I love young moms and old moms and women who are not moms and working women and trans women and tired women and happy women and all the women. You are all doing great. Let’s make sure we all have access to healthcare (including abortions and birth control), access to economic independence, and freedom from harassment and assault. Everything else is immaterial.


Thank you! Well said.
Anonymous
Anonymous wrote:I think it's weird, yes, but I don't think it's "bad" - family planning decisions are inherently personal. I don't think I have any friends who had a kid in their 20s. I enjoyed being carefree and leaning hard into establishing my career in my 20s. I am now enjoying being a parent in my 30s. I also enjoy doing these things on the same timeline as my peers, because it makes it easier to maintain existing friendships when you're in the same stage of life. I, and a freakish percentage of my friends, had my first kid at 33. I had my second at 35 and am now pregnant with my third at 38. This has worked out well for me as we have a lot more income than we did in our 20s, we're senior at work, and our friends are down to hang out in the yard together rather than hitting the bars. But a different person likely has a different set of factors and priorities and having a child younger could make sense in their life.
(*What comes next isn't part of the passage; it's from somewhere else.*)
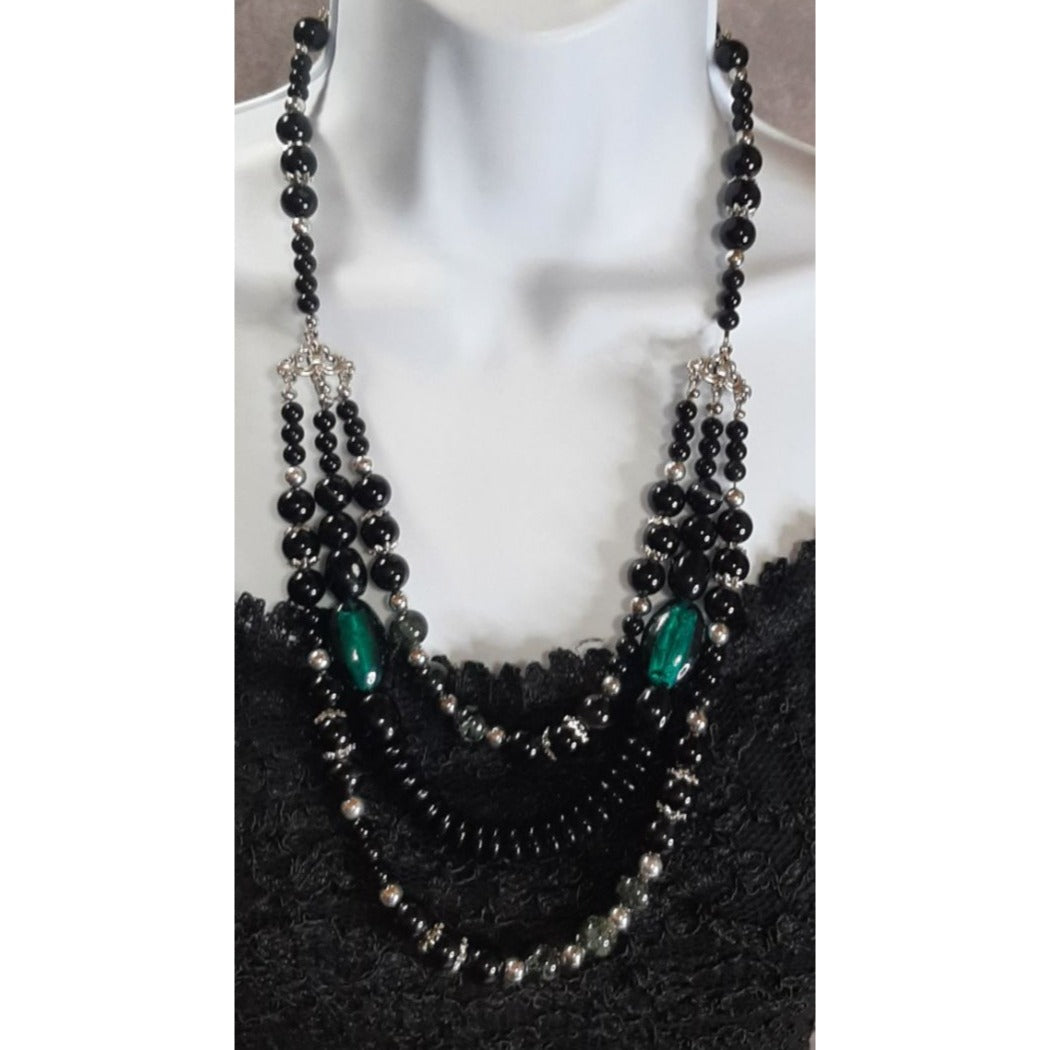 Each bead tells a story in this intricate multi-strand necklace. The black beads exude elegance, while the green accents and silver tone details add a touch of mystique. Whether dressed up or down, this piece promises to captivate attention and spark conversations.

^ and I would be disappointed if either of my sons had a kid in his 20s. At 25 you are barely out of, or not out of, grad school. It's so much harder to establish your career if you have competing priorities so early on.
Anonymous
IME it's regional. Here it's unusual to have kids in your 20s because so many people have advanced degrees and either marry older or both want to be established in their careers before having kids. Plus housing is $$$ and saving up for a down payment/paying off SLs can push the timeline back a few years even if you found your spouse on the younger side. Where I grew up there's a real "get a man to propose to you in college because otherwise all you'll be left with after 25 is the weirdos" attitude and if you don't have your first until your 30s it's seen as very strange/sad. People will assume you're a lesbian if single or experiencing infidelity otherwise. I had someone from my high school tell me that I should just try to get knocked up by a one night stand so that I would "at least have a baby" once - no I was not asking this person for any advice on my life, nor would I have taken any from her. But the mindset of "how sad you have no one to love you" even when I was living in NYC and attending law school in my 20s was not surprising to me. It's a whole vibe back home.

Yet people still have kids outside the accepted regional timeline in both places.